Had a really bad day? Why go to the shops/cook at all when you can pick up the phone and call the local Chinese, Indian or Pizza place and have dinner delivered?
I’m probably being a little harsh on the lifestyles of today’s man and I’m sure there are lots of you reading and thinking: “I’m not that bad”, “I don’t do that” etc. but I’m sure you see where I’m coming from.
As time marches on it’s getting easier and easier to get fat…which is strange given that there are more gyms, personal trainers, dietitians and nutritionists out there than there has ever been.
In my opinion, today’s obesity levels have got nothing to do with the eating too much or exercising too little, it all leads back to the food we’re consuming and – perhaps more importantly – the quality of it.
Our grandparents were brought up on home-cooked, single ingredient, locally sourced foods that they prepared fresh every day.
Today, we’re living off – and bringing the next generation up on – fast food, fruit/fizzy drinks (both the same to me) and chemical/hormone ridden meat and vegetables – if we’re even eating veggies at all. We’re surrounded by marketing propaganda: ‘low-fat’, ‘Only 99 calories’, ‘diet soda’ that makes us believe these horrendous foods are good for us.
We’re subjected to marketing campaigns by ‘health’ companies who are advocating the consumption of their heavily processed (and therefore massively unhealthy) products instead of real food.
The worst thing about the above marketing campaigns is that these companies are thriving. They’re making a killing (literally and in monetary terms) by marketing their products as healthy and okay for health conscious people to eat.
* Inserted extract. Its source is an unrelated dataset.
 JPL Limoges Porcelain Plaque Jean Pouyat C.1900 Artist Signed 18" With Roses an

They aren’t and they never will be.
The moral of this story is that in order for us to be lean and healthy, we need to go back to the start. We need to start putting more time into cooking meals from scratch. We need to put more thought into where the food that we’re about to cook has come from and whether or not it’s full of/covered in inflammatory substances like chemicals, antibiotics and steroids.
It’d also be nice if we could close down all fast food outlets, grow our own vegetables and have a personal relationship with the farmer and butcher who raise and sell our meat.
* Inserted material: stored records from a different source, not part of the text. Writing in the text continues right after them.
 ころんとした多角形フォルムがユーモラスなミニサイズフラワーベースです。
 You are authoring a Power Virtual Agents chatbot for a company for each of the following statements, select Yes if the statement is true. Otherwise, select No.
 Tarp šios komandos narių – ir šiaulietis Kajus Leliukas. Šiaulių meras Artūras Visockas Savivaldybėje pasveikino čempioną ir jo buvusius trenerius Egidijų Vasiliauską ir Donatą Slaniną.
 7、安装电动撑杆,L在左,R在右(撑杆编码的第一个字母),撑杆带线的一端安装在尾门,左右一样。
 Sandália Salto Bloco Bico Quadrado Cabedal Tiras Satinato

That’s a dream world (for me anyway) but it’s exactly how my grandparents and everyone else lived before the Second World War and they seemed to be happier, healthier and less stressed, on average, than we are today.
PS: If you live in Glasgow and would like to know more about how to eat well, contact me here. Alternatively, if you don’t live in Glasgow but would still like to improve your diet, contact me here.
Dominique A Gaspar says
OMG. Where did you get the fat-free chemical shit storm photo?! I love it!!!! Great post. I miss the massive veggie garden I had going in California. Need to make some time to grow a few things in my wee garden here in London.
Ross Stewart Fitness says
Can’t remember where I stole it from actually.
Thanks for the kind words 🙂
Fiona Price says
Excellent feature Ross. Another thing that I notice at my Papa’s (where he still has his dining sets from days gone by) is the size of the plates. His full dinner plate filled with chicken, vegetables, couple boiled potatoes is the equivalent to our side plates. Our dinner plates are now huge in comparison, and I honestly believe people think they need the whole plate filled with pasta/potatoes/rice/bread/processed meals in order to be having a full dinner. My Papa is 86 and is probably the leanest man I know – again cooks everything fresh and would never contemplate buying a processed meal.. He does however swear by a few whiskys a day lol!
Ross Stewart Fitness says
That’s interesting about your Papa…and, as I always say about my gran, at 86 you can do whatever the hell you like!